Lex/Yacc 计算器不处理特殊情况

Question

I'm working on a Lex+Yacc calculator that is capable of performing basic arithmetic operations, as well as supporting usage of parentheses. From my testing, it is capable of handling essentially every scenario, providing an integer solution for valid inputs, and indicating an input was invalid if invalid input is provided.

However, in my testing I found that if I simply type in: 5) or 99+22+33) or basically anything where ')' is the final character, it'll still be deemed valid. In fact, I could even type in "7)asdfghjk", and it would deem it valid and still output 7. It seems like when there is a lone ')' at the end it does not care. Whereas if I had (5 it would error out.
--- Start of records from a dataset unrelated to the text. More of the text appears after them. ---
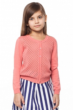 Жакет из мягкой хлопковой пряжи. Перед выполнен ажурной вязкой. Застежка на пуговицы.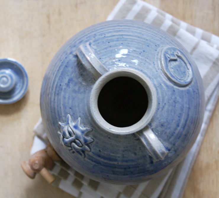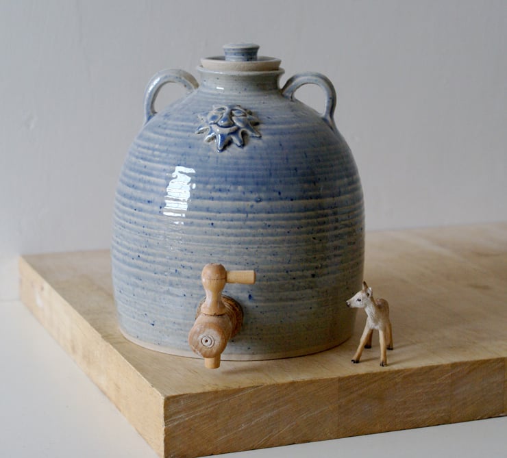 Handmade stoneware water cooler in speckled blue. Handmade Stoneware Pottery by littlewrenpottery on Folksy.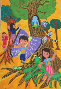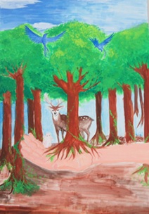 村上市立神納小学校 6年 鈴木 さくらさん (すずき さくら) 令和6年度 村上地域の「未来に向けてつなげよう木育」事業 「第11回小学生標語・絵画コンクール」絵画の部 最優秀賞

My Lex file and Yacc file are provided below. Any help would be greatly appreciated. Thank you so much.

Lex File:

/* ========== DECLARATIONS SECTION ========== */
%{
    #include <stdio.h>
    #include <stdlib.h>
    #include "y.tab.h"
    extern int yylval;
%}
/* ========================================== */



/* ========== SHORTHAND DEFINITIONS ========= */
/* ========================================== */



/* ================== RULES ================= */
%%
([1-9][0-9]*|0) { 
    yylval = atoi(yytext);
    return INT;
}

[+] {return PLUS;}
[-] {return MINUS;}
[*] {return MULT;}
[/] {return DIV;}
[(] {return LPAREN;}
[)] {return RPAREN;}
[ \t] {;}
[\n] {return 0;}
. {yyerror();}
%%
/* ========================================== */



/* ================ USER CODE =============== */
int yywrap() {
    return 1;
}
/* ========================================== */

Yacc File:

/* ========== DECLARATIONS SECTION ========== */
%{
    #include <stdio.h>
    #include <stdlib.h>
%}

%token INT

%left PLUS MINUS
%left MULT DIV
%left UMINUS
%left LPAREN RPAREN
/* ========================================== */



/* ============ GRAMMAR SECTION ============= */
%%
ResultantExpression: E{
    printf("Result = %d\n", $$);

    return 0;
};


E: E PLUS T {$$ = $1 + $3;}
 | E MINUS T {$$ = $1 - $3;}
 | MINUS E %prec UMINUS {$$ = -$2;}
 | T {$$ = $1;}
 ;

T: T MULT F {$$ = $1 * $3;}
 | T DIV F {if ($3 == 0) {yyerror();} else {$$ = $1 / $3;}}
 | F {$$ = $1;}
 ;

F: INT {$$ = $1;}
 | LPAREN E RPAREN {$$ = ($2);}
 ; 
%%
/* ========================================== */



/* ============ USER CODE SECTION =========== */
int main() {
    printf("Enter the expression:\n");
    yyparse();

    return 0;
}

void yyerror() {
    printf("The entered expression is invalid!\n");
    exit(1);
}

/* ========================================== */

Answer 1

Because you have a return 0; in your ResultExpression action, it will exit successfully after recognizing a ResultExpression, even if there is more input. If you want to check for a correct EOF after that, remove the return 0; and let it continue parsing -- it will give a syntax error message if there's any garbage left in the input, or return successfully if there is the expected newline (which your lexer returns as EOF).